| AIM OF THE EXERCISE |
Below are records with pictures. Transcribe exactly, and only, the lines from the line with "Látod, ezt fogod tanulni" to the line with "Carte du Bassin du Golfe de Guinée.", both ends included, but not the pictures.
*** Opening of STORED DATA ***
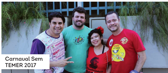
Carnaval Sem TEMER 2017
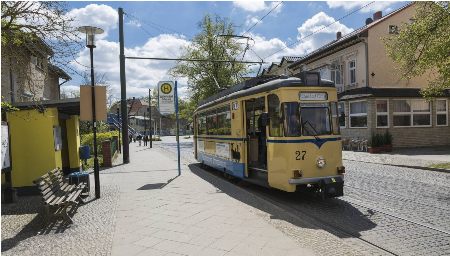
Woltersdorfer Straßenbahn

Historische Baudenkmäler und Stätten | Museen
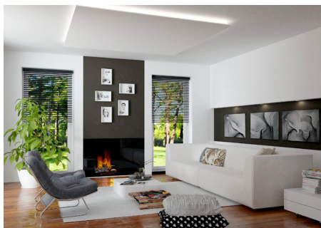
Rechteckiges Decken-Formteil mit umlaufender, indirekter Beleuchtung
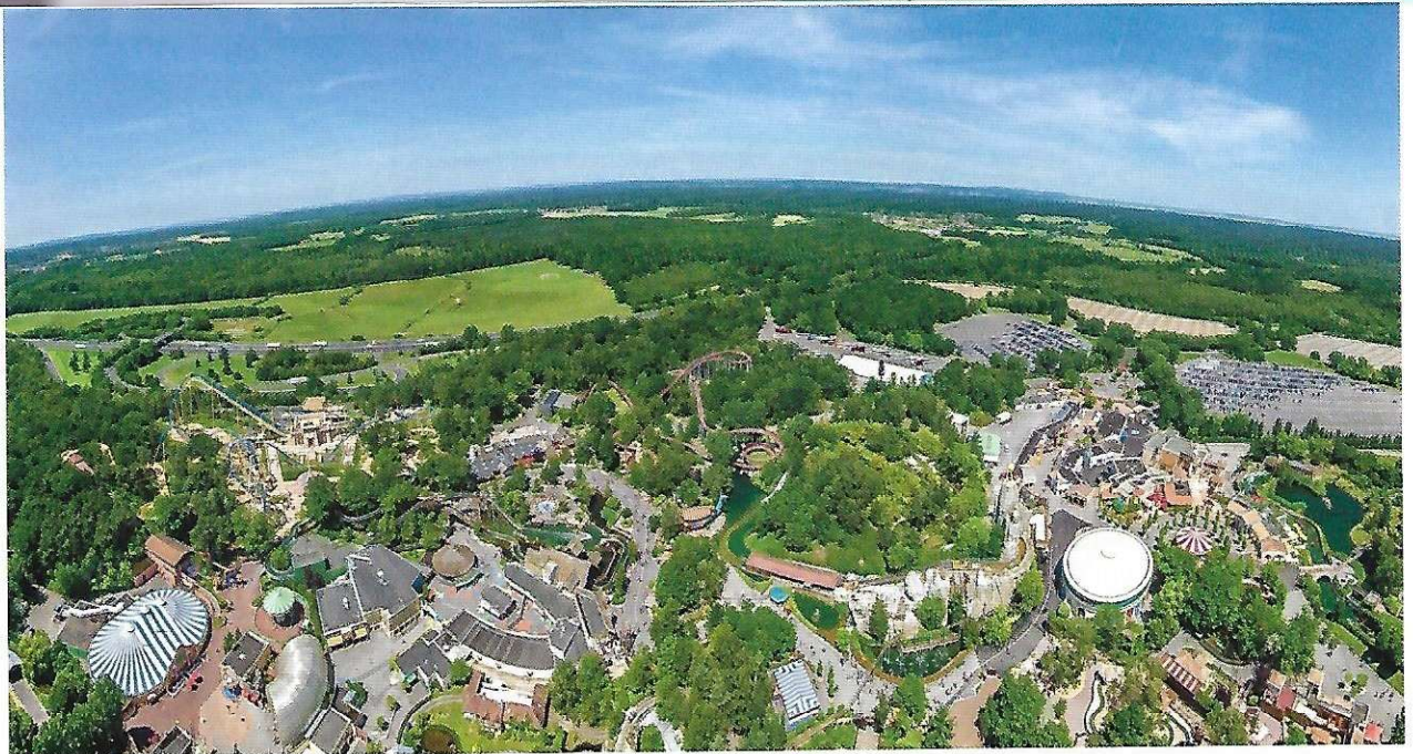
4 Une campagne périurbaine mise en valeur par le tourisme, 2015
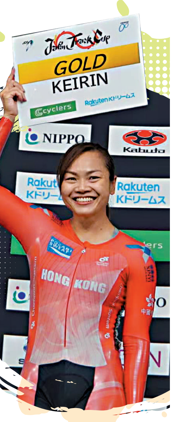
▶李慧詩勇奪凱琳賽冠軍。
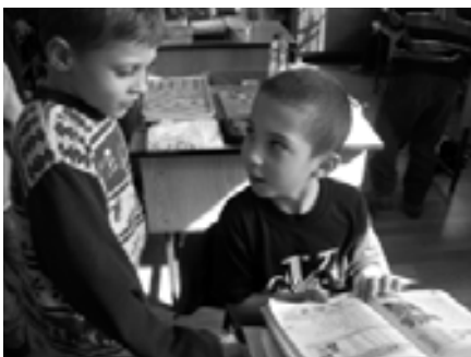
Látod, ezt fogod tanulni
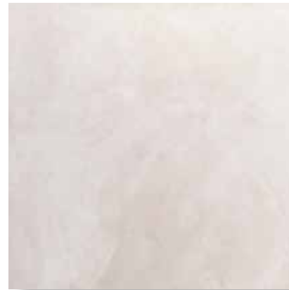
MICROCEMENTO BLANCO S-R 59,6x59,6x1,1cm P1856883 / 100137638 G354 Butech recomienda junta / Butech recommends joint: Colorstuk Rapid n Gris B22502013 / 100004305
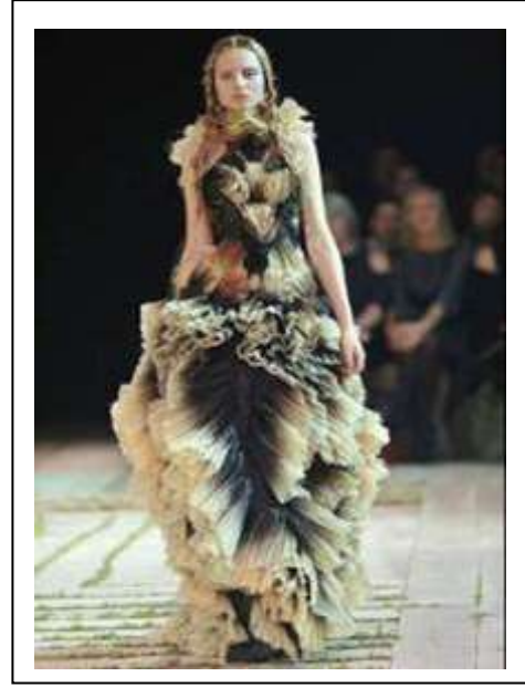
الدمج بين التصميم البناني من خلال التشكيل "بالكسرات و التصميم المصبوغ Mcqueen2010(10)"

الجانب التطبيقي : أفكار مبتكرة توضح معالجة سطح الخامة من أعمال الطلاب
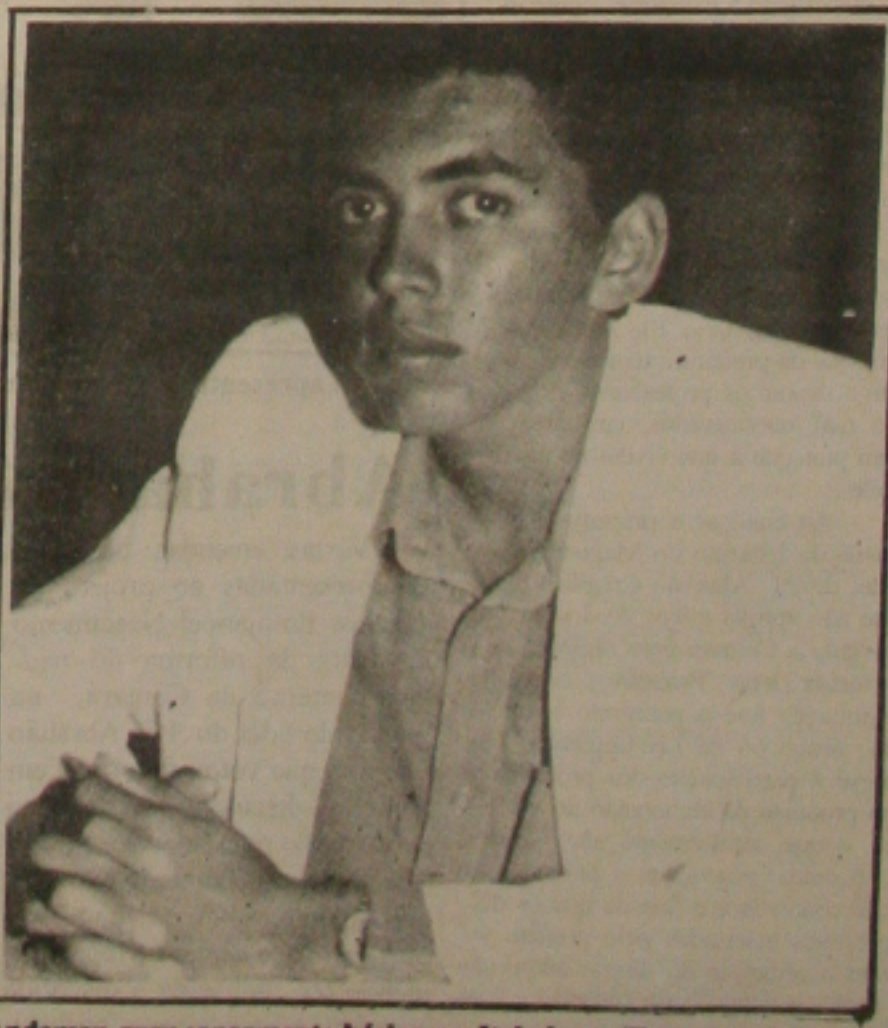
Anderson quer saneamento básico em Itabaiana.

Menezes defende que o parlamentar esteja constantemente acompanhando o problema de sua população.
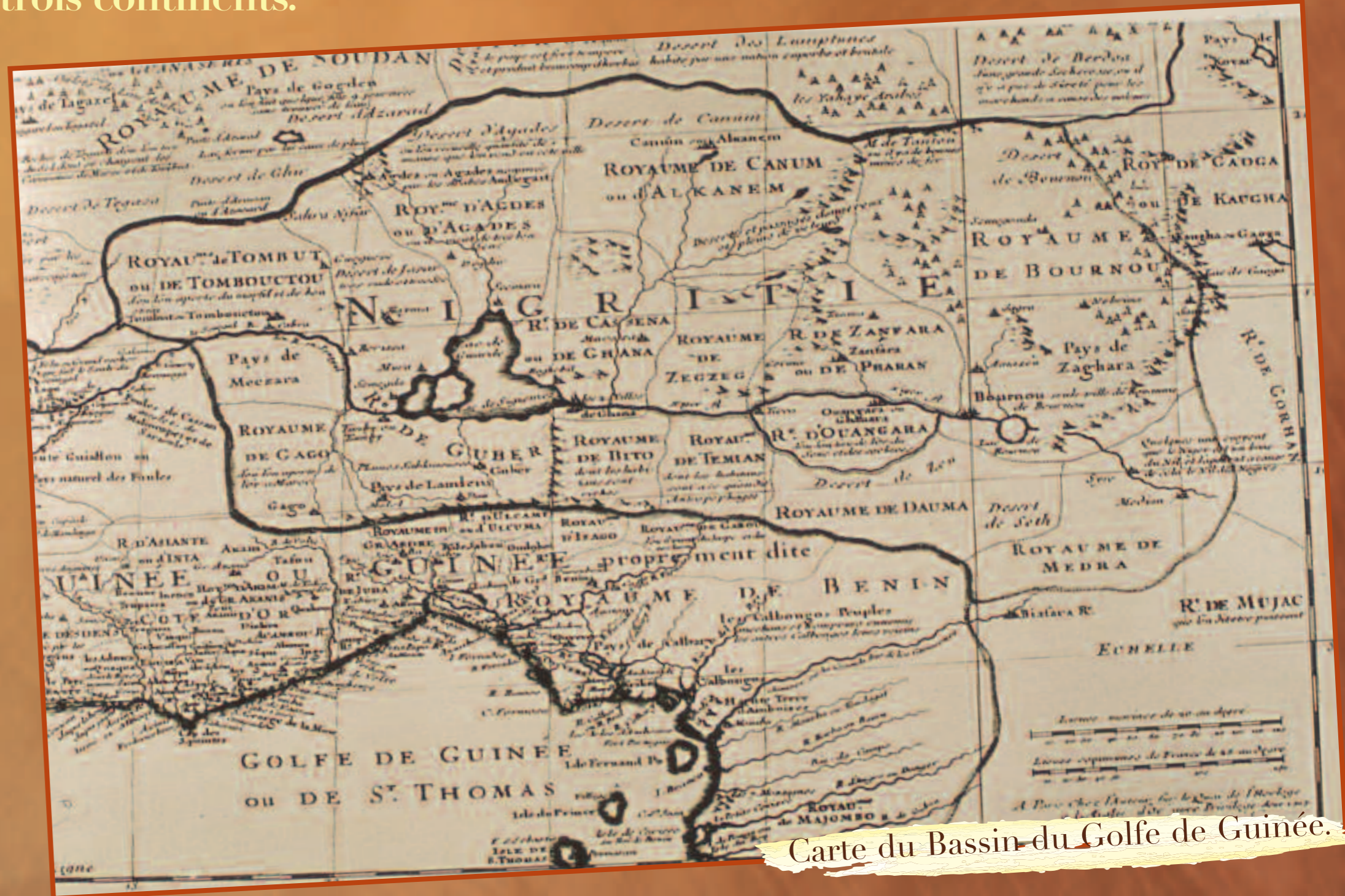
Carte du Bassin du Golfe de Guinée.

Pillée de ses richesses, l'Amérique fut le théâtre du premier grand génocide de l'Histoire moderne : en trois décennies la Caraïbe était vidée de ses habitants d'origine et le continent américain perdit, au cours des siècles suivants, les deux tiers de ses habitants issus de civilisations pluri-millénaires.
*** Close of STORED DATA ***
| SOLUTION BELOW |
Látod, ezt fogod tanulni
MICROCEMENTO BLANCO S-R 59,6x59,6x1,1cm P1856883 / 100137638 G354 Butech recomienda junta / Butech recommends joint: Colorstuk Rapid n Gris B22502013 / 100004305
الدمج بين التصميم البناني من خلال التشكيل "بالكسرات و التصميم المصبوغ Mcqueen2010(10)"

الجانب التطبيقي : أفكار مبتكرة توضح معالجة سطح الخامة من أعمال الطلاب
Anderson quer saneamento básico em Itabaiana.

Menezes defende que o parlamentar esteja constantemente acompanhando o problema de sua população.
Carte du Bassin du Golfe de Guinée.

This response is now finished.